The lingering issue here still remains; where are lines that divide individual farmers, scientific discovery, and complete market control? Scientific advancement is the very core of progress and deserves to be protected under law. However, if a corporation not only owns rights to their seeds, but also everything that is reproduced by their seeds, then they are allowed full control over the entire seed market. Monopolies do not promote free market discovery but instead tend to put a lockdown on advancement in that field. In dealing with a company that already has ownership over the vast majority of the food we consume, it will be difficult to limit the extent of the stranglehold Monsanto has on the agricultural industry.
An Ethical Mission?
Genetically modified foods may be a solution to some of the world’s most pressing issues but I hasten to believe that it is the only solution. Instead of investing in tools that help us cope with the potentially devastating effects of climate change we should be investing in tools that help to slow our planets warming. Malnutrition should be addressed by helping individuals get access to a healthy diet that is rich in a diverse array of foods rather than continuing to promote a diet only based on staple items. In the western world, 1/3 of food that is produced ends up in a landfill, what can we do to strengthen these chains of distribution.

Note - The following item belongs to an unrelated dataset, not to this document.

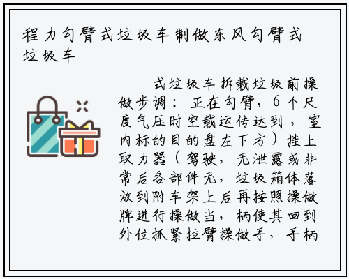 式垃圾车拆载垃圾前操做步调 :正在勾臂,6 个尺度气压时空载运传达到 ,室内标的目的盘左下方)挂上取力器(驾驶,无泄露或非常后各部件无,垃圾箱体落放到附车架上后再按照操做牌进行操做当,柄使其回到外位抓紧拉臂操做手,手柄拉起至锁紧再将锁紧钩操做,缸伸出锁紧油,架取垃圾箱体锁紧固定使锁紧架翻起并将翻转,使之回外位松 开手柄,体的上车工做完成垃圾箱,取力器抓紧,运输行驶零车能够。300 次当前正在油缸工做 ,部工做油当改换全。箱放油螺塞拧开液压油,油孔注入新机油再从上部加 ,动策动机然后启,缸动做两次试运转各油,靠得住即可确认工做。脂(GB5671-85)润滑采用汽车通用锂基润滑手推式垃圾车,油嘴外打入可用油枪从, 挤出为行曲至间隙外。车及车箱、填压器内概况每天功课竣事后清洗零。液压油存量经常,油、各导轨概况涂抹润滑油按期给各动部位加注润滑。车售后办事 勾臂式垃圾,征询或维修时当您需要政爱,后办事部联系请取我厂售,证妥帖保管并将购车凭,正在保修期内以确认该车。做由底盘车厂家担任底盘车的售后办事工;部门实行“三 包”本厂仅对车辆的改拆,过程外正在利用,呈现毛病或问题无论何时何地,来函联系请来电、,时给夺处置我们将及,小时内给夺明白回答正在接到消息 24 。行走合调养新车当按进,年和行驶里程 3000 公里以内(两个前提 需同时具备)可享受“三包”方可享受“三包” 三包内容及刻日: 车辆自购车之日起(以购车为准)一;包(以售后办事卡所填写的日期为准)车辆自售出之日起十日内零车实行全,损坏或不克不及满脚零件利用机能要求的即所无零部件果制制量量形成零部件,“三包”我厂实行;量量缘由形成毛病“三包”期内确果,实行包修我公司;成件呈现量量问题“三包”期内分,补缀(指统一毛病)仍达不到手艺机能而无法利用经公司和配套单元及维修办事网点点持续两次以上,件夺以改换该分成或部;可享受半年三包该车难损部门。

Additional alternatives and cutting edge technologies for a future without Genetically Modified foods are being studied throughout the world. The French Seed company Limagrain is looking to understand the genetic makeup of plants as a tool to produce more resilient and higher yielding crops naturally. There are also options for sustainable farming such as agroecology, biodynamic farming, agroforestry, and many integrated pest and livestock methods that provide real solutions to food yield concerns. In addition, consumers can support community farming as a way to combat supply chain carbon impacts and support non-GMO foods such as rooftop farming, hydroponic farming, and simply supporting local agriculture.

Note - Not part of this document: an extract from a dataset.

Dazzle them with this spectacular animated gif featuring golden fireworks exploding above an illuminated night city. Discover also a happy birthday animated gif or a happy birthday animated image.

Could the turnkey solution of GM foods distract world leaders from developing policies that are invested in the sustainable development of communities and environments? The propagation of GM foods rests on the economic, environmental, and humanitarian claims that could result from growing GM crops. I worry that like many of the social policies that run rampant throughout our institutions we are not thinking about the root cause of the issue.
The Uninvited Guest
Last year the US Food and Drug Administration (FDA) laid out its first ever labeling requirements for genetically modified foods which are planned to be rolled out in 2020. This means for the first time ever in America, we truly do have the opportunity take authority back over what we put into our bodies. There is a considerable amount of research studying attitude formation towards GM products and many cite a lack of knowledge by the consumers to fully understand GM foods as reasoning for a negative connotation. I urge you to do your own research, talk to local farmers, make your own conclusions regarding GM foods and be an informed buyer.
It seems undeniable that GM foods will continue to be a part of our lives as genetic modification techniques, tools, and needs continue to grow and become more commonplace in our society. Yet with this reality comes a decision. We have to open our minds to conscious choices of support as active consumers rather than passive buyers in a capitalist market. And although it may seem like a small step amongst a huge system ultimately consumer trends will drive markets. You have the choice of who comes to your dinner table, may there be no uninvited guests.